Sunday, April 25, 2010

Poem for Sunday and Local Arboretums

Virga
By Kay Ryan


There are bands
in the sky where
what happens
matches prayers.
Clouds blacken
and inky rain
hatches the air
like angled writing,
the very transcription
of a pure command,
steady from a steady
hand. Drought
put to rout, visible
a mile above
for miles about.

--------

"When I first came across Kay Ryan's poetry, I half suspected she was simply writing formal verse fractured into unorthodox lines to disguise its beauty (beauty being anathema to the postmodern sensibility)," writes Steven Ratiner in The Washington Post in a brief review of The Best of It: New and Selected Poems. "Though Ryan is comfortable exploring the natural world, her work is more preoccupied with the realm of ideas than things...here's the poem "Virga," a particularly heady dose of her lush musicality. In the utter complexity of her vision and lyricism, I'm reminded of those mechanical devices of the ancient world meant to show us our place among the stars and help us navigate the uncharted darkness beyond."

We had lofty goals for Saturday -- after Adam got home from volunteering at Hebrew school and Daniel got home from demonstrating his school's robot to elementary school students at a county high school, we were planning to go to Maryland Day at the University of Maryland, but it was raining by the time we finished lunch, and since the campus is enormous (gorgeous, but there's lots and lots of walking between the agricultural school, the communications department, and everything in between), we decided it might not be the best day for the trek. Plus we were going to go seeThe Mikado at Daniel's high school in the evening, but the friend he wanted to see play Nanki-Poo had appeared the night before and wasn't playing the role, and we were all feeling kind of tired.

So instead we went to see the azaleas at McCrillis Gardens, the stunning local park that has hundreds of azaleas blooming beneath tall old oaks and tulip poplars, with everything looking very pretty and shiny in the drizzle.
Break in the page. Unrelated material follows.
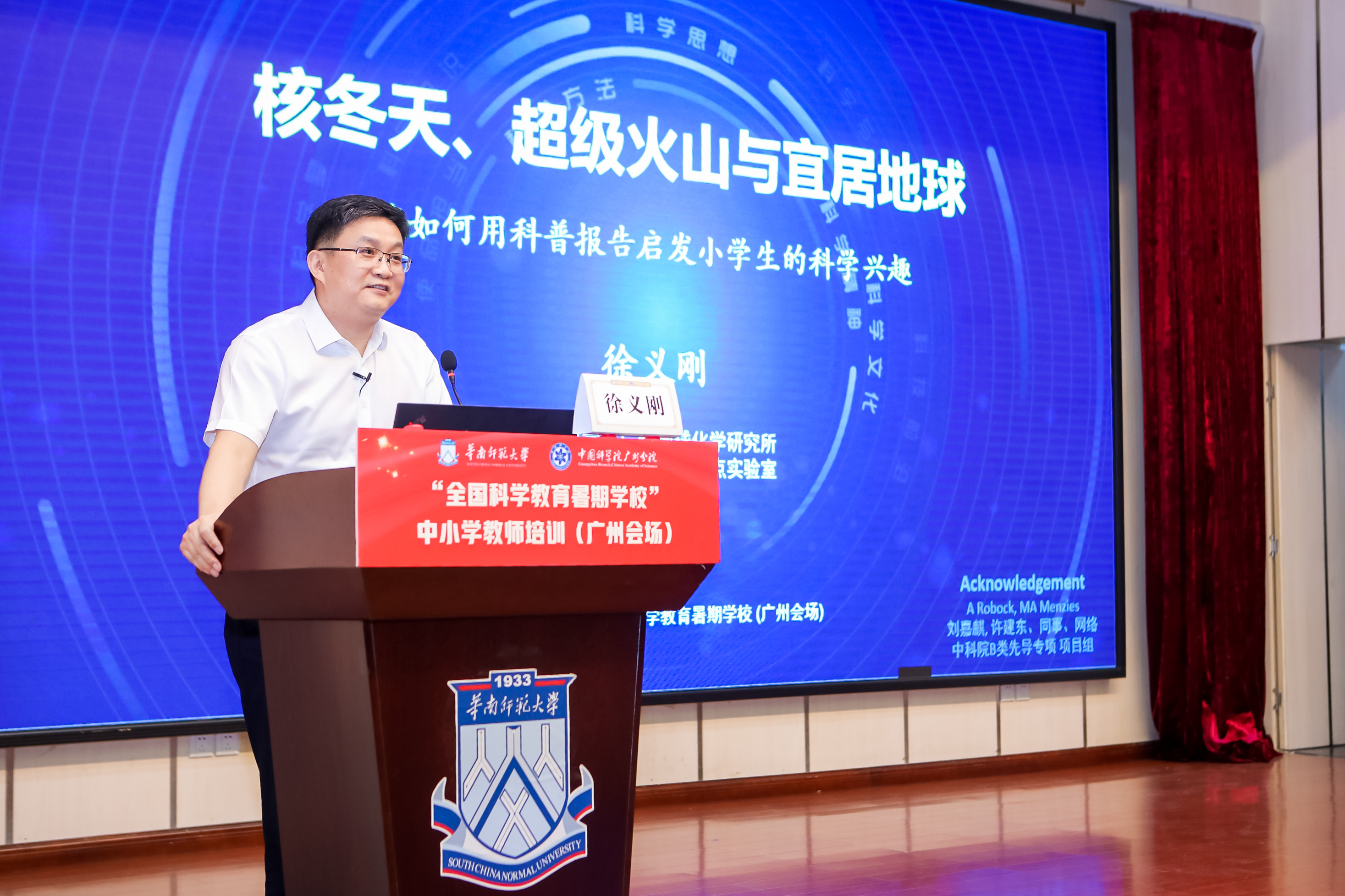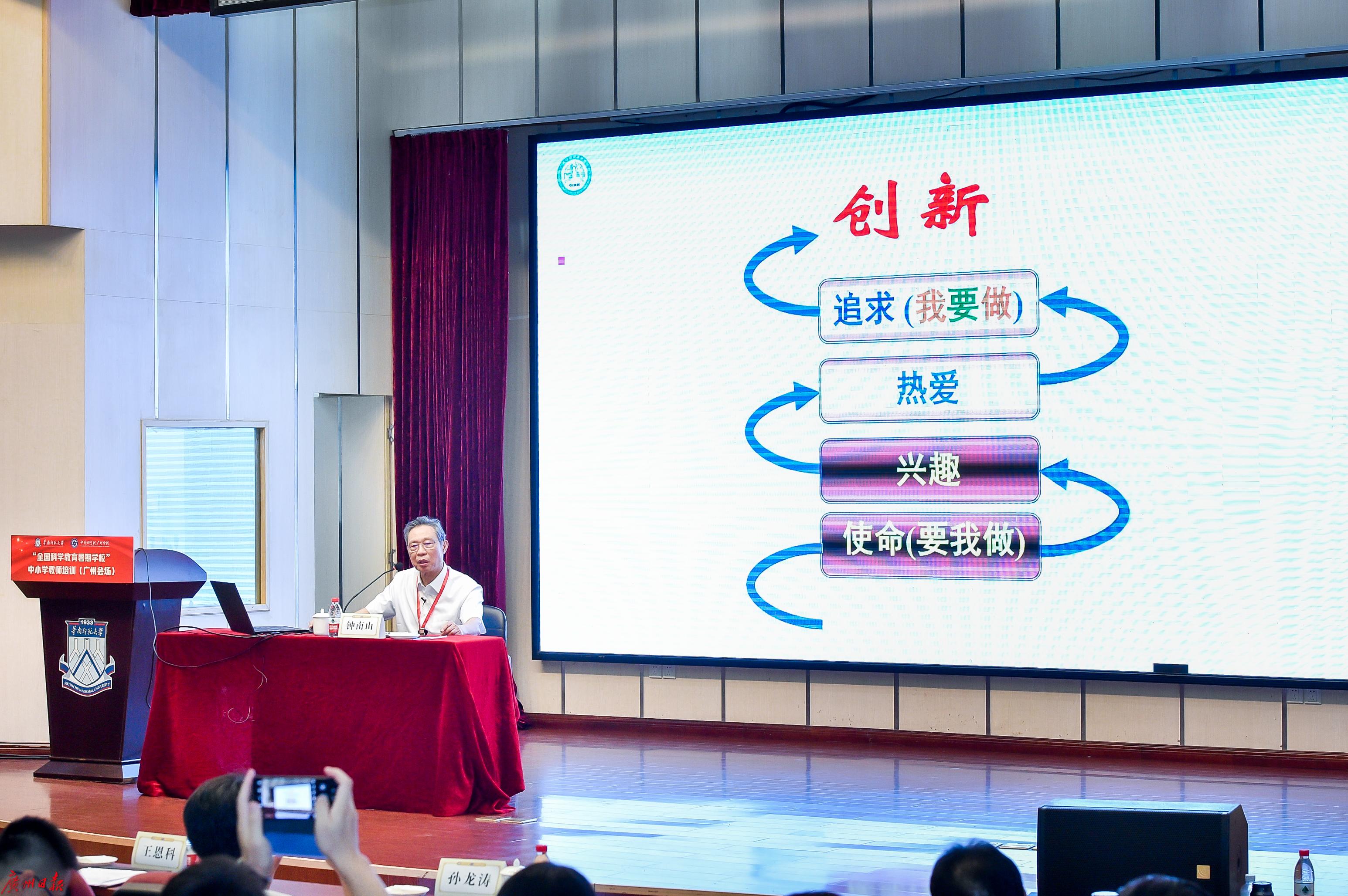 7月25日,华南师范大学举行“全国科学教育暑期学校”中小学教师培训(广州会场)开班典礼。共和国勋章获得者、中国工程院院士钟南山,中国科学院广州地球化学研究所研究员、中国科学院院士徐义刚等多位科学家,为线上线下的全国中小学教师直播授课。

Afterward we drove through Garrett Park, a town that voted in 1977 to make itself an arboretum, with a committee that has planted more than 400 rare trees and shrubs and homeowners of beautiful old Victorians with yards full of tulips, snowball viburnum, and lots more azaleas. While we were in the area, we stopped at MOM's Organic Market to get nuts, oatmeal, low sodium Indian sauces, and peanut ginger tofu.


An azalea with raindrops at McCrillis Gardens...
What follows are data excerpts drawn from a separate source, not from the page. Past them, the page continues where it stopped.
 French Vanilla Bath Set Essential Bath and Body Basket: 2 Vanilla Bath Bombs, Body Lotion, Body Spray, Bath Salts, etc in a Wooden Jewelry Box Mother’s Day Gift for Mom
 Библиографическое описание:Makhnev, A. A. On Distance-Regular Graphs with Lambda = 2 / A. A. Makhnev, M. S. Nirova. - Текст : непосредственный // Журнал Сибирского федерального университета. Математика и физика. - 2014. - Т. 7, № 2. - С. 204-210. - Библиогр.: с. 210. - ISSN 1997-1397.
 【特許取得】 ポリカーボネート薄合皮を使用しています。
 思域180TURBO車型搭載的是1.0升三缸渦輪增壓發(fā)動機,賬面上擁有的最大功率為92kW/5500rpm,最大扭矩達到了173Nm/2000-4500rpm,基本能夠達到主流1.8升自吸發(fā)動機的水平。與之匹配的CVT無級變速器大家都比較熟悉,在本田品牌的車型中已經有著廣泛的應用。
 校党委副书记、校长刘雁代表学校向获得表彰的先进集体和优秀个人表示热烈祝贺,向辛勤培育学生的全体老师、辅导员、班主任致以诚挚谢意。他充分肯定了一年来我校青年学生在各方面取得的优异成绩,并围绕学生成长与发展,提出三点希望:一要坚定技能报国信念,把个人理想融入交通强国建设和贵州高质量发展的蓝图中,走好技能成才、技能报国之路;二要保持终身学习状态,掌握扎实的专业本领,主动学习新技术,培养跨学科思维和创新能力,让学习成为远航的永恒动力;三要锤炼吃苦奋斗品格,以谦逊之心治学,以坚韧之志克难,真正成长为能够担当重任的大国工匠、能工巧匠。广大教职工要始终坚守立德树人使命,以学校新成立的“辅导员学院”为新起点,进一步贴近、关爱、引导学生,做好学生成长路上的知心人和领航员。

...which has thousands of colorful flowers -- plus robins, woodpeckers, cardinals, and Carolina wrens -- in a much smaller area than the huge local arboretums.


Many of the purple azalea varieties are already past peak, while the whites are just coming into full bloom.


The garden also has pagodas and lots of places to sit and read or sketch.


Local houses in that Bethesda neighborhood tend to have beautiful yards as well.


Both the huge restored Victorian mansions and the smaller houses in Garrett Park often have colorful yards too...


...with azaleas and dogwood dominating at this time of year.


It must be nice to live in a neighborhood that's an arboretum.


In the evening we watched How the States Got Their Shapes on the History Channel, which was really fascinating -- the lost state of Franklin, the city of St. Genevieve, Missouri which is older than New Orleans and very proud of being French, the onetime capital of Illinois in Kaskaskia which is now an island cut off from the state by the Mississippi River, Pennsylvania's demand to have a Great Lakes port. Then we watched Doctor Who on BBC America (meaning that I am two weeks behind like most people in the U.S., I have not seen this week's UK episode, and I really wish people would keep character name spoilers out of their subject lines). Most of what I liked about the episode had to do with Amy Pond -- I'm completely ambivalent about Eleven in terms of how the Doctor is being both written and performed, but I loved Rose Tyler before I was sold on Doctor Who in the first place, so that's not a bad thing.

Spoilers: Matt Smith just doesn't have the gravitas to pull off a line like "I'd love to forget it all, every day, every second" -- I was imagining how both Eccleston and Tennant would have delivered that line, a variety of ways I could see each delivering the line. I gather this isn't as Doctor Lite as I had feared, or if it will be eventually, they must at least address all the darkness Nine and Ten carried around, plus I am rather nervous about the title and one-line description of the episode "Amy's Choice" (if it has anything in common with Sophie's Choice I may run screaming from the franchise). But I liked Amy from "You never interfere in the affairs of other people or planets unless there's children crying" and she had me at "What if you were really old and alone, the last of your kind?"

The Redskins have let Jason Campbell go for a far-away long-off draft pick, which is kind of sad but we all knew when they got Donovan McNabb that this day was coming. On Sunday the area is going to be crazy -- there's the huge Earth Day rally and concert downtown, but the Metro Red Line is supposed to have shutdowns all afternoon causing hour-long backups, and the storms that caused those horrible tornadoes in the South are heading this way, so I think we're going to stay local and sleep late!